I certainly know families that do live in area not known for their excellent schools that do manage to find enough "enrichments" for their children to make it into the most challenging schools but without exception these families have had the sort of life where they've had "time on their side". For some that means they actually grew up in the area, for others they had friends that knew the ropes. The key is that they had a kind of "inside track" that sadly is much harder for newcomers to tap into...
Exactly. We just went through a corporate relocation and had to make decisions about housing based on a a couple of trips to the area, talking to co-workers (many of whom were not parents or had older kids) and online research. We made the safe choice. I'm sure we paid more for our house than if we had gone looking for the best deal or the most underrated suburb or whatever but we couldn't take the risk of making the wrong decision.
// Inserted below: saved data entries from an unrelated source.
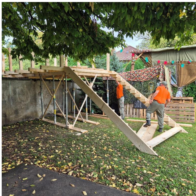
Einsatz zu Gunsten der Gemeinschaft: Erstellen von Hilfskonstruktionen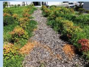
植栽樹木の再利用 ・ 剪定・伐採した樹木をウッドチップとして再利用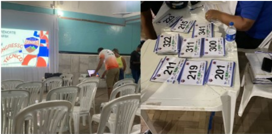
Congresso técnico Entrega de placas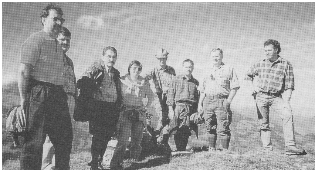
Als Gipfelstürmer entpuppten sich die Angehörigen des Reserve-Unteroffizierscorps aus Reutlingen auf dem »Gonzen« in der Schweizer Bergwelt. Mit einer kleinen Delegation nahmen sie an der Herbstübung der Schweizer Fouriere teil. Außerdem besichtigten sie in St. Margarethen eine Kasernenanlage im Hellsberg untertage. In diesem Jahr kommen die Eidgenossen nach Württemberg.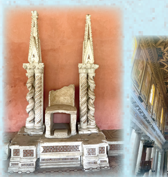
▲圖4：拉特朗大殿小花園5世紀教宗石椅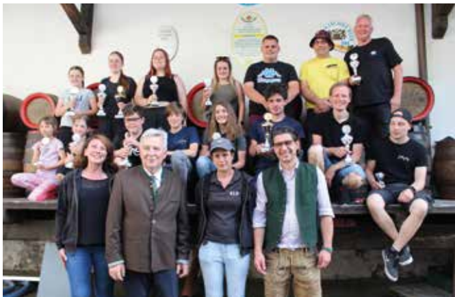
Die Gewinner des Seifenkistenrennens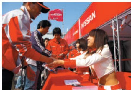
ニスモブースで行われたキャンペーンガールサイン会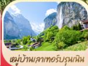
หมู่บ้านเลาเทอร์บรุนเนิน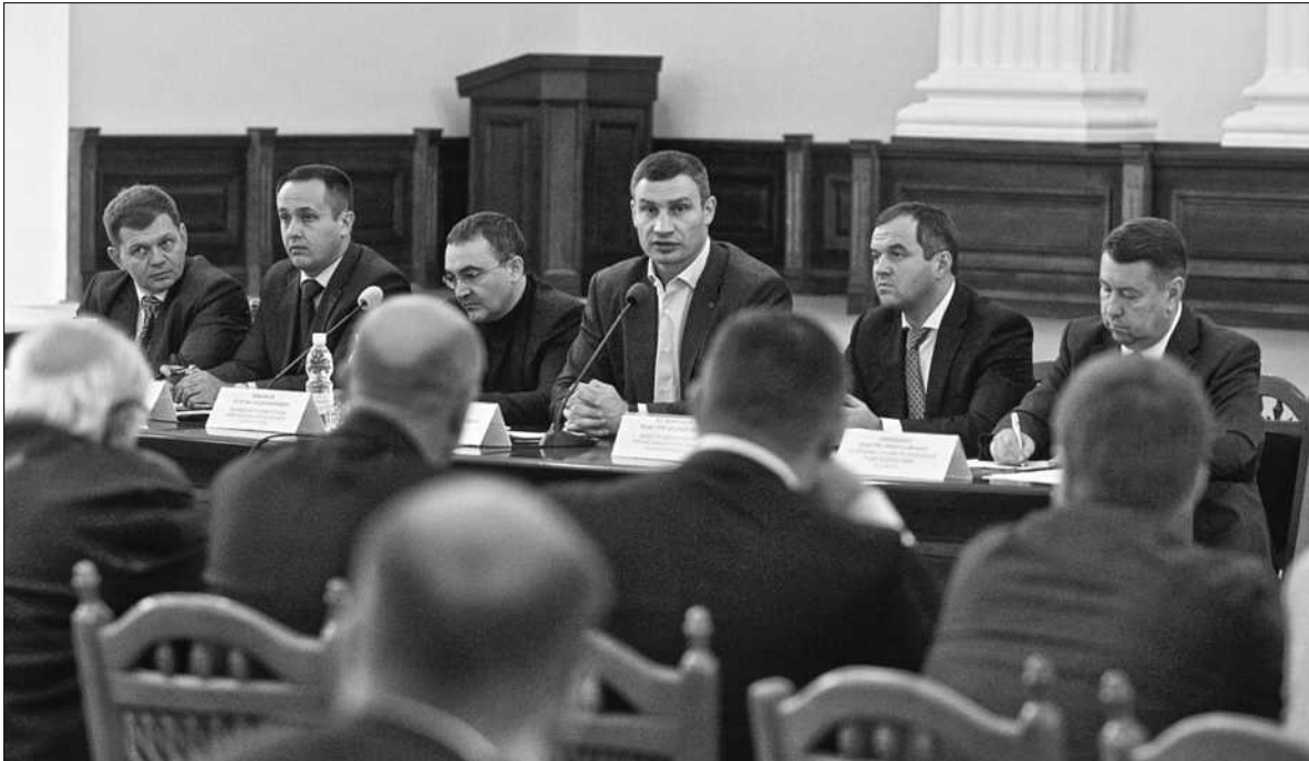
Під час засідання регіональної ради столичних підприємців мер Києва Віталій Кличко зазначив, що міська влада має намір проводити зустрічі з бізнесменами регулярно

Власники малого та середнього бізнесу шукали домовленості з керівництвом міста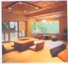
囲炉裏のテーブルがある和室。部屋はメゾネットタイプになっていて、2階には露天風呂も。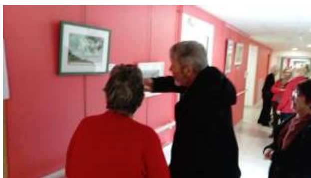
L'atelier Peinture Plaisir en Liberté remet ça ! Ici à l'EHPAD de Kerlevenez en mai 2019

« Favoriser le travail en partenariat avec d'autres structures et l'organisation d'actions innovantes. » Extrait du Projet Associatif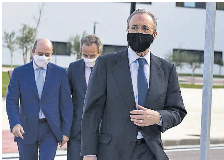
Florentino Pérez, durante la inauguración del hospital en noviembre de 2020.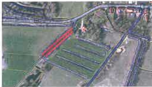
Dubbele rij eiken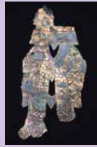
真野20号墳出土金銅製双魚佩 当館蔵(福島県指定文化財)

ふくしまの発掘調査成果をご紹介してきた「発掘ふくしま」シリーズ。今回は、ふくしま発掘の原点に迫ります。江戸時代には文化人が考古資料を集め、明治・大正時代には各地で発掘が行われました。人々はなぜ発掘をして、資料を集めたのでしょうか。出土資料や残された記録を通して、ふくしまの発掘に携わった人々の思いに触れます。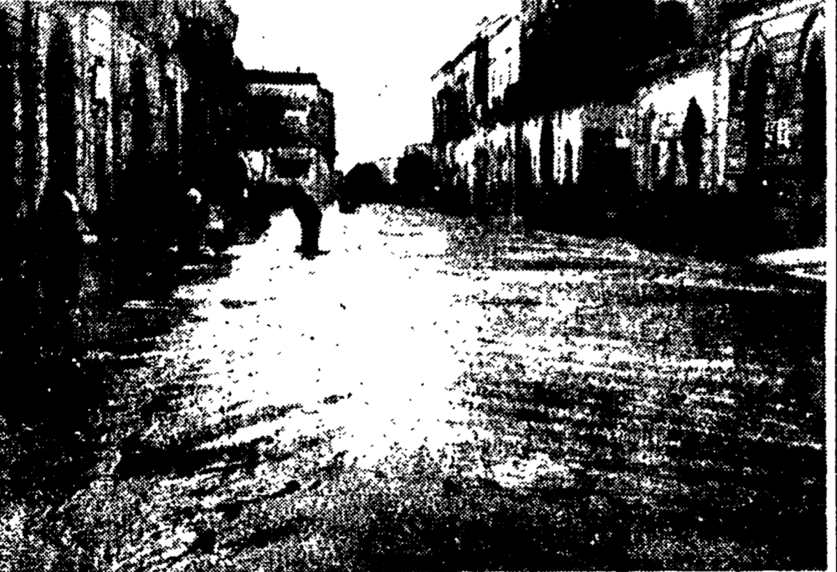
FOGGIARDI (Bari) - Le strade sono ancora allagate dopo 24 ore dall'alluvione (teletelo)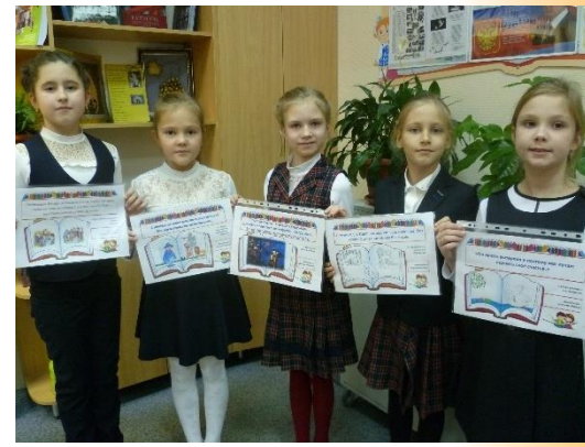
Активные участники реализации проекта «Читать не вредно, вредно не читать»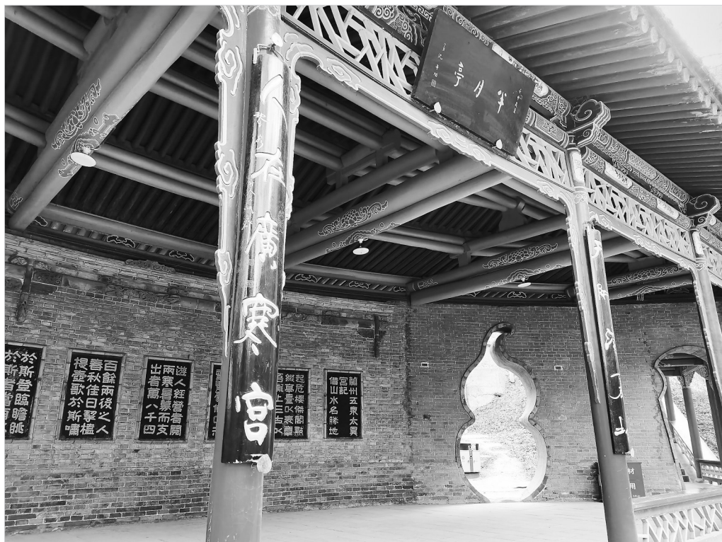
五泉山半月亭楹联 王安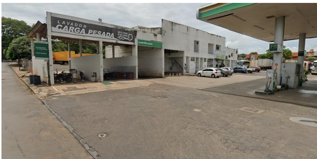
Vista lateral: lavador da pista inferior desativado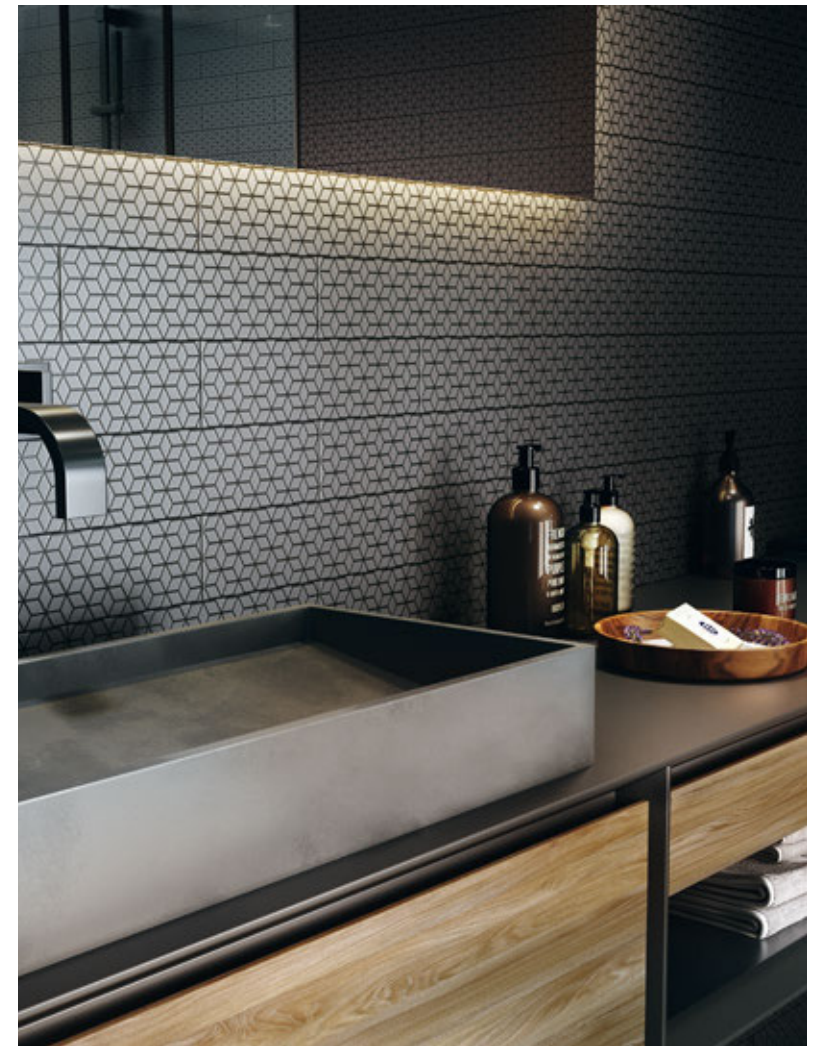
DUO NIGHT MIX 7,5X30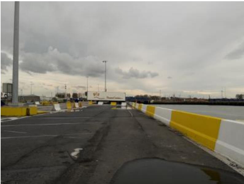
volle betonnen boord

If I was advising someone in our position relocating to the Chicago area, I'd advise them to make the safest decision. The towns where you really can't go wrong.

The standard advice for newcomers is to rent so you can spend the time finding that perfect place with the right mix of good schools and reasonable prices. But most people in our position end up buying. Who wants to disrupt their kids twice; once when you move to the rental and a year later when you find the perfect house. It's overwhelming enough for kids to move to a new town so we felt we needed to give our kids stability. So it was back to square one and finding the right place from the beginning from halfway across the country.

And OT but ToriaT, I'm sitting on my back porch in our house in the Phoenix suburbs looking at our green lawn, sitting under the shade of our green tree. It's a beautiful day, in the low 80's.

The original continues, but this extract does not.